[Exercise requirements]:
Output exactly the lines from the first line of the records below through the line containing "Тысячи людей приходят", both included, leaving out any pictures.

(Records excerpted from a collection)

*** Begin section ***

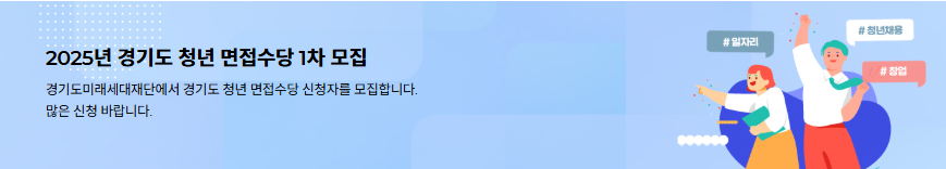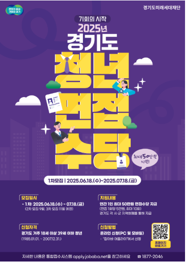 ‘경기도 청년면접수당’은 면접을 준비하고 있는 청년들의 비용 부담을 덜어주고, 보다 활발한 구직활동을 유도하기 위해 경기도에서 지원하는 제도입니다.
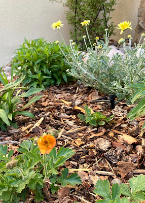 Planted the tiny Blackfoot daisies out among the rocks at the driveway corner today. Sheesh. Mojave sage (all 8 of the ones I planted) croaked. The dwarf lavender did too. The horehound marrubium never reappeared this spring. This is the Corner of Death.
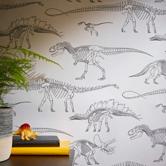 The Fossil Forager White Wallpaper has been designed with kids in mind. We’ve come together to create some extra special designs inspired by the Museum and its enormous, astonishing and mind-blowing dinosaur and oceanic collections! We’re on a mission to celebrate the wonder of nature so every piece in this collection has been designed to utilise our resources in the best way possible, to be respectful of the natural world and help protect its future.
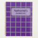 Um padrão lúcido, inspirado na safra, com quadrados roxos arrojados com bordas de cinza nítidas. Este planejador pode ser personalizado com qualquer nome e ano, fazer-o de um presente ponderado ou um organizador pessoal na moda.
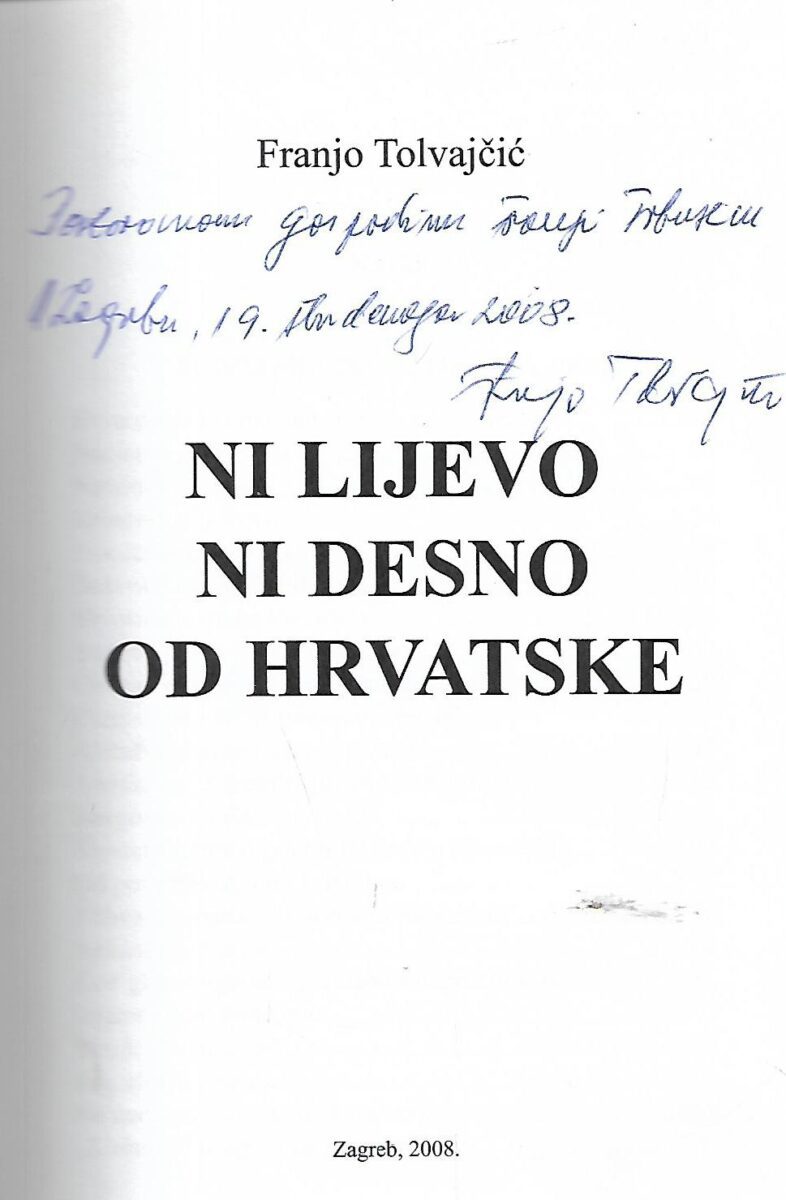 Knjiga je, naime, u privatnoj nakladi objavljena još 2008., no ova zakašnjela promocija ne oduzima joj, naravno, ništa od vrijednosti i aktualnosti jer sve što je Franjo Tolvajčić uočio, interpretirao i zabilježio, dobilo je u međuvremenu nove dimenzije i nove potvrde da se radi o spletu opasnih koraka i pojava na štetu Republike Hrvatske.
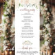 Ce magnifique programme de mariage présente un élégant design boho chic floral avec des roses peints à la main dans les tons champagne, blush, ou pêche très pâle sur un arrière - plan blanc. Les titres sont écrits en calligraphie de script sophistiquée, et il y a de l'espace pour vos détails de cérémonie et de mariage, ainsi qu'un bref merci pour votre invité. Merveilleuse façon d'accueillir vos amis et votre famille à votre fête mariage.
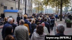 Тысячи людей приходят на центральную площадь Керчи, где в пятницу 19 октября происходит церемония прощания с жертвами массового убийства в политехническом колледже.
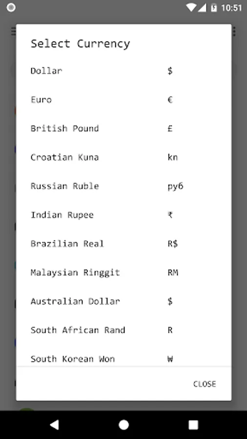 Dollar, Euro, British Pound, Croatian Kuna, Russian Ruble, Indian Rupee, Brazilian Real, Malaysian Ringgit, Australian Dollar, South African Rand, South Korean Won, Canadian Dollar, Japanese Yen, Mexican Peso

*** End section ***

[Result for this task]:
 ‘경기도 청년면접수당’은 면접을 준비하고 있는 청년들의 비용 부담을 덜어주고, 보다 활발한 구직활동을 유도하기 위해 경기도에서 지원하는 제도입니다.
 Planted the tiny Blackfoot daisies out among the rocks at the driveway corner today. Sheesh. Mojave sage (all 8 of the ones I planted) croaked. The dwarf lavender did too. The horehound marrubium never reappeared this spring. This is the Corner of Death.
 The Fossil Forager White Wallpaper has been designed with kids in mind. We’ve come together to create some extra special designs inspired by the Museum and its enormous, astonishing and mind-blowing dinosaur and oceanic collections! We’re on a mission to celebrate the wonder of nature so every piece in this collection has been designed to utilise our resources in the best way possible, to be respectful of the natural world and help protect its future.
 Um padrão lúcido, inspirado na safra, com quadrados roxos arrojados com bordas de cinza nítidas. Este planejador pode ser personalizado com qualquer nome e ano, fazer-o de um presente ponderado ou um organizador pessoal na moda.
 Knjiga je, naime, u privatnoj nakladi objavljena još 2008., no ova zakašnjela promocija ne oduzima joj, naravno, ništa od vrijednosti i aktualnosti jer sve što je Franjo Tolvajčić uočio, interpretirao i zabilježio, dobilo je u međuvremenu nove dimenzije i nove potvrde da se radi o spletu opasnih koraka i pojava na štetu Republike Hrvatske.
 Ce magnifique programme de mariage présente un élégant design boho chic floral avec des roses peints à la main dans les tons champagne, blush, ou pêche très pâle sur un arrière - plan blanc. Les titres sont écrits en calligraphie de script sophistiquée, et il y a de l'espace pour vos détails de cérémonie et de mariage, ainsi qu'un bref merci pour votre invité. Merveilleuse façon d'accueillir vos amis et votre famille à votre fête mariage.
 Тысячи людей приходят на центральную площадь Керчи, где в пятницу 19 октября происходит церемония прощания с жертвами массового убийства в политехническом колледже.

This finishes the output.